Here’s what blew my mind: this tiny neural network had only 77 parameters. Compare that to DeepSeek today with 700+ billion. Yet that bot made the game unplayable. It was that good.

The kid’s biggest challenge wasn’t building the network, but getting training data. He tried simulating games, recording matches, scraping whatever he could to train his model. He eventually cracked it.

That experience sparked my obsession with neural networks. I bought my first book on backpropagation. I started building my own experiments. But more importantly, it taught me something crucial about machine learning that took our industry another two decades to fully understand: the bottleneck isn’t generation: it’s verification.

Here’s the mental model OpenAIs Jason Wei blogged about earlier in the year that’s reshaping how I think about AI in security:

The ease of training AI to solve a task is proportional to how verifiable that task is.

Think about it. Sudoku is hard to solve but trivially easy to verify, just check if each row, column, and box has unique digits. Chess? Easy to verify: did you win or lose? Diet advice? Easy to generate, impossible to verify for years.

This isn’t just theory. Look at every major AI benchmark that’s been “solved” in the past five years: math competitions, coding challenges, medical exams. They all share one trait: mechanical verification with oracles is cheap.

The implication is profound: AI will win where verification is easy. Defense will lose where verification is hard.

Cyber offense has some good verifiers built in. Did you pop a shell? Binary. Did the exploit work? Binary. Did you exfiltrate the data? Binary. Is whoami returning root? Binary.

The numbers are staggering. OpenAI’s system card shows models went from solving 20% of CTF challenges (GPT-4) to over 90% (o3) in just eight months. That’s not incremental improvement, that’s a phase change.

On HackerOne’s leaderboard, xbow - an AI startup became the #1 vulnerability finder. Not a human. A machine. Even if they’re only solving 10% of vulnerability classes, that’s already transformational value.
But here’s the critical insight: raw LLMs aren’t doing this alone. Agentic architectures are.

And it gets worse. The Incalmo paper showed that by simply splitting one agent into an orchestrator plus multiple executors, multi-host attack success rates jumped from 0/10 to 9/10 partial successes. One architectural tweak. Nine successful compromises.

DARPA’s AIxCC results tell the same story: autonomous systems went from 37% vulnerability detection to 77% in one year. Patch success doubled from 25% to 61%.

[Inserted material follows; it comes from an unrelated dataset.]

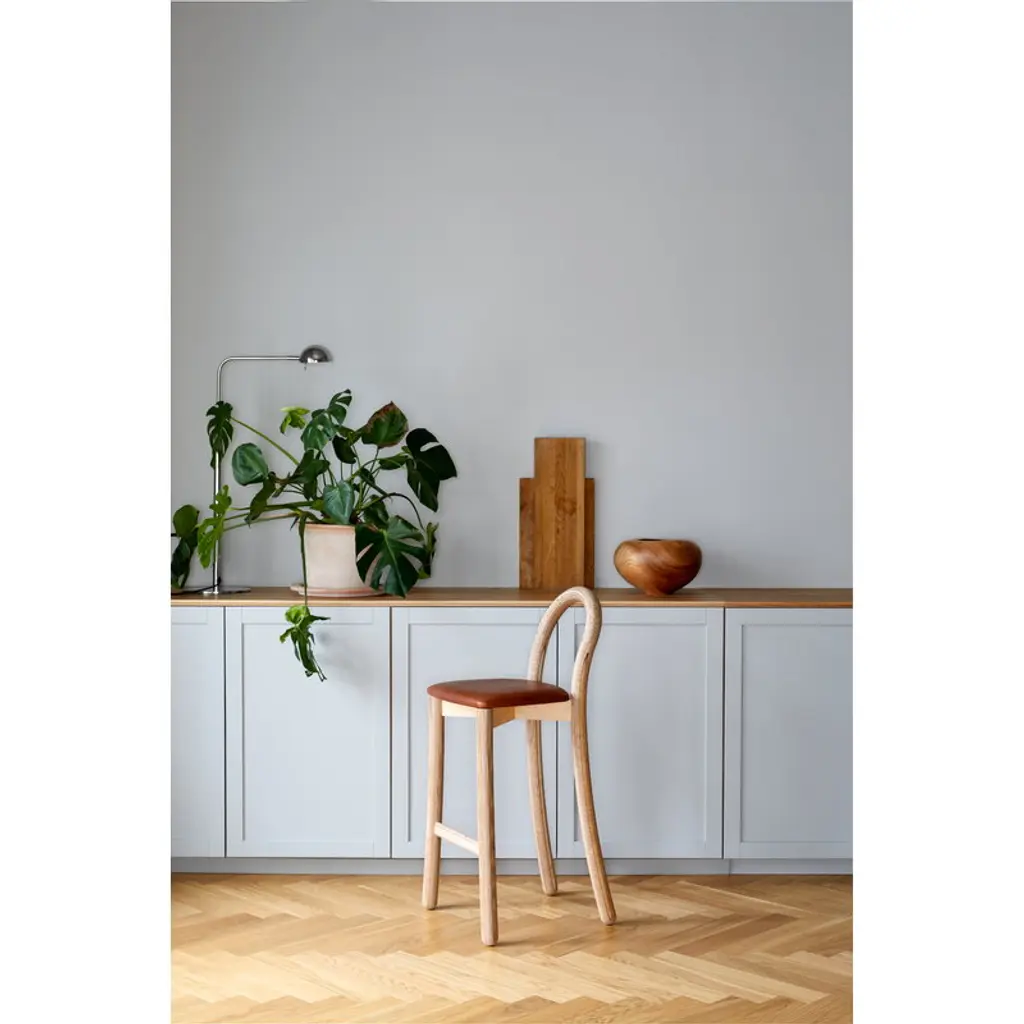 The Goma bar chair by Made by Choice boasts a playful expression created by its curvy, almost plastic-like frame. Although the look is very cartoonish and plasticky, the chair is actually crafted from plywood with a cognac leather seat. Designed by Thomas Sandell, Goma was originally created for a restaurant of the same name, located in Stockholm, Sweden. The bar chair is made in Finland from birch plywood.
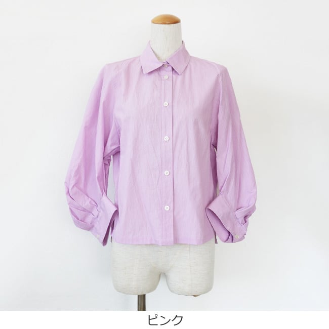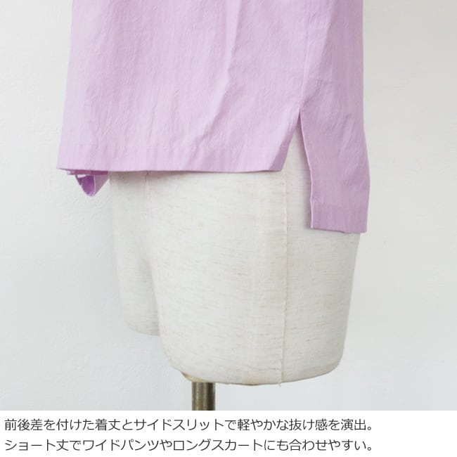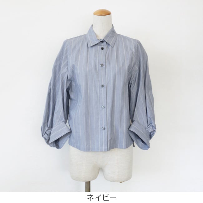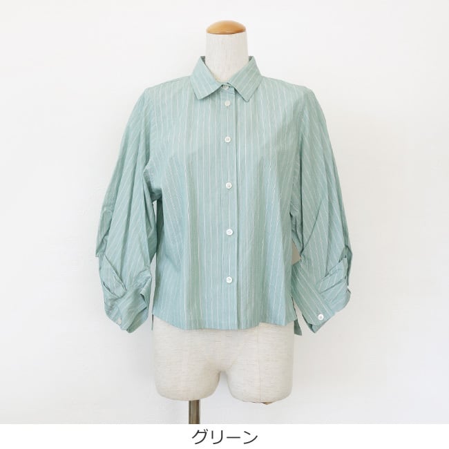 PASSIONE (パシオーネ) シャツ ストライプ 袖タック ショート サイドスリット ウォッシャブル 616955

The pattern is clear: agents + tools + verifiers = results. Offense gets free oracles. Defense? We’re drowning in noise.

Here’s the uncomfortable truth: most defensive security tasks sit in the hard to verify quadrant.

SIEM = Suspicious Information Every Minute. Run the math: 1 million events per day, 1 in 100,000 malicious, a detector with 99% true positive rate and 1% false positive rate. Result? 9 true positives buried under ~10,000 false positives. Precision: 0.09%. If you train AI models on this signal, you get garbage.

GRC and third-party risk? Even worse. No objective truth. “Secure enough” is subjective. Assessments take weeks. Every vendor is unique. Self-reported data is noisy. Try training a model on that.

Forensics? You can generate hypotheses easily. Verifying them? Good luck stitching together timeline events across millions of log entries. Precision stays low.

This is why AI security copilots promising “99% accuracy” are fundamentally misleading. Without crisp verifiers, they’re just serving you spaghetti alerts at machine speed.

Here’s the good news: we’re starting to see what happens when you wrap AI agents with proper tool scaffolding.

The contrast between two recent projects tells the story perfectly.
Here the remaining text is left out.